Она могла бы. Но она зависела от них.
Несколько неосторожных трепыханий все же допустила. Пару-дру-гую конвульсивных прикосновений к человечьей приземности.
Разрушила какие-то горы... Затопила какие-то равнины... Сожгла какой-то большой остров...
Как обрести автономность? Как перестать зависеть от людей? Возможно ли это?
Свесуть помедлила, набираясь Яви. Затем подвызвала, подвыделила внутри себя - как некие нечетко оконтуренные зоны - тех фондов, что слились, ее порождая.
Опросила, согласны ли отдавать часть людских даров. И получив утвердительный ответ, выплюнула их - на связках-псевдоподиях - в дочерние пространства, которые предварительно сама же создала.
Нынешние фонды - при всей своей как бы обособленности - оставались ее частями. Ее чувствилищами, которые могли воспринимать людские импульсы, людские токи, людские образы...
Центр же ее естества оставался где возник - в Сфере Ментальности. Вернее, там, где была до нее, Свесути, Сфера Ментальности.
Отстегнув от себя активные части и подпитываясь через них, она могла насладиться недеянием, покоем. Если уж ее вызвали к бытию, то быть должно только так: недейственно, покойно.
На связках с дочерними пространствами она поставила блокировку. Чтобы не беспокоили сигналы от фондов. От противно активных, но необходимых...

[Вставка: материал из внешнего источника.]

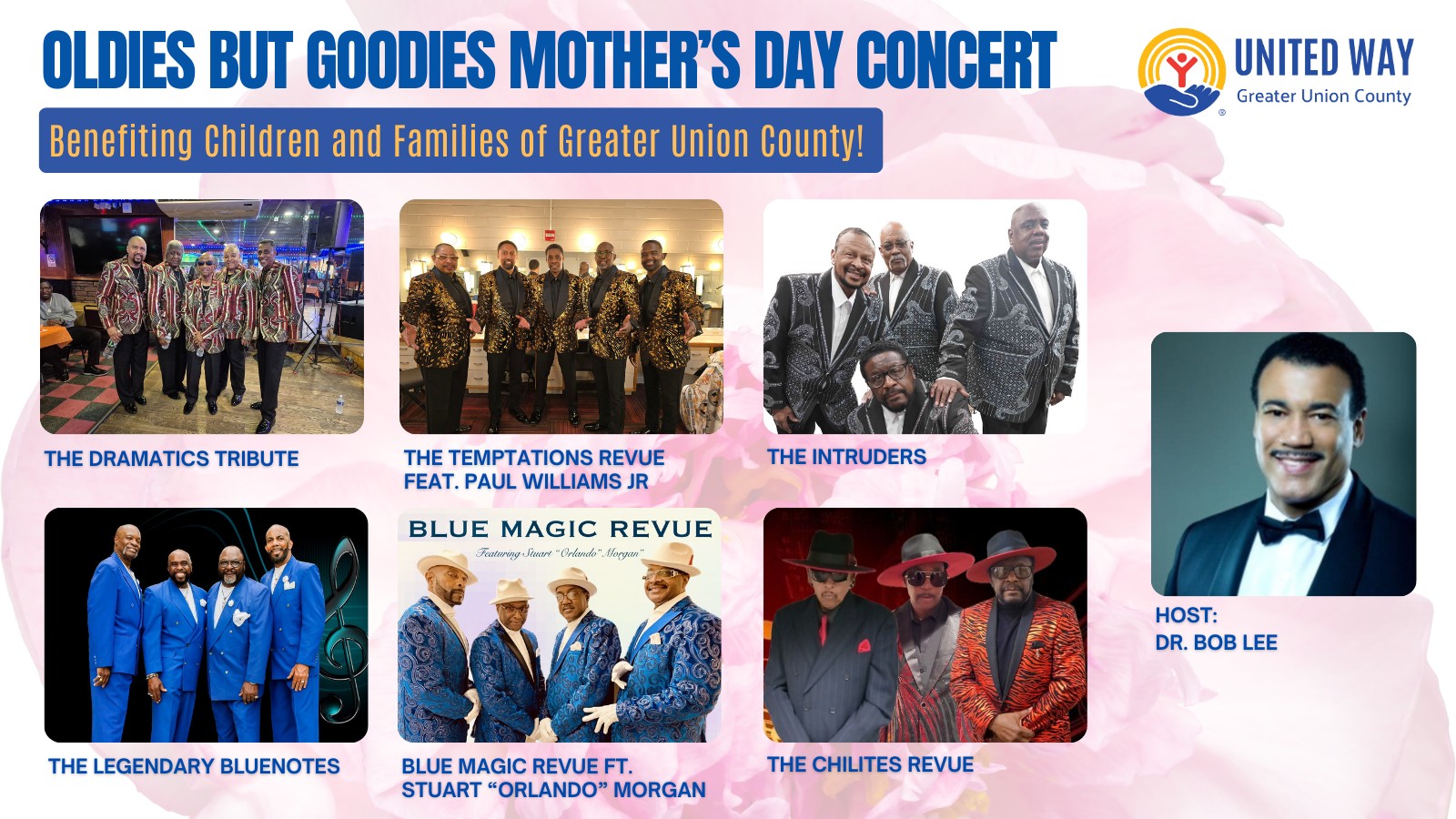 Oldies but Goodies Mother’s Day Concert benefiting families in greater Union County. Hosted by Bob Lee. Doors open at 4:00 p.m. Featuring: The Dramatics Tribute, The Temptations Revue, The Intruders, The Legendary Bluenotes, Blue Magic Revue, The Chilites Revue. For more information go to https://ucpac.org/event/oldies-but-goodies-mothers-day-concert. This incredible event isn’t just about great music; it’s also about giving back. All proceeds benefit families in the Greater Union County community

Наслаждение было долгим и полным. Покой был абсолютным. Ей было хорошо.
Она почти вернулась к Небытию. Почти растворилась во Всеобщем. Почти примирилась с катастрофой своего рождения.
Но тут вдруг ощутилось нечто вроде дурноты. Дочерние пространства почему-то стали неудобными, почему-то тяготили. Если бы Свесуть мыслила, как человек, она могла бы сказать, что дочерние пространства превратились в нарывы, которые вот-вот прорвутся, и потечет гной...
Она сняла блокировки в связках. Задрожала, принимая лавину информации. Но информация запоздала. Потому что "гной", действительно, потек...
Из дочерних пространств вырвалось Нечто, похожее... Нет-нет... Не Явь... Скорее Антиявь... Потому что все в ней как бы вывернуто наизнанку. Все в ней шиворот-навыворот.
Скорость, с которой Антиявь вырывалась, показывала, как ее много накоплено, как силен ее напор.
Она недолго оставалась неоформленной, незваная и агрессивная гостья. Чья-то воинственная воля бередила ее, заставляла оживать.
Чья? Уж не фондов ли? Уж не отделиться ли части задумали, восстав против Целого?
Нет, фонды послушны. Это люди, люди! Животворящие, духородящие коротышки!
Они укрепили своих фондов, напитали свои простанства информативными выделениями. Не просто напитали - переполнили.
Они требовали экспансии от своих Богов. (То есть, от тех же фондов). Требовали Всеведения, Всемогущества, Всеблагости.
Не их вина, что Явь, прорываясь из дочерних пространств, инвертировалась, превращалась в Антиявь. Только так она могла преодолеть заслоны, предусмотренные Свесутью.
Недолго оставалась неоформленной Антиявь, - ее выбросы, ее жадные языки. Людская воля придала им видимость крылатых чудовищ. Не только крылатых, но и хвостатых, зубастых.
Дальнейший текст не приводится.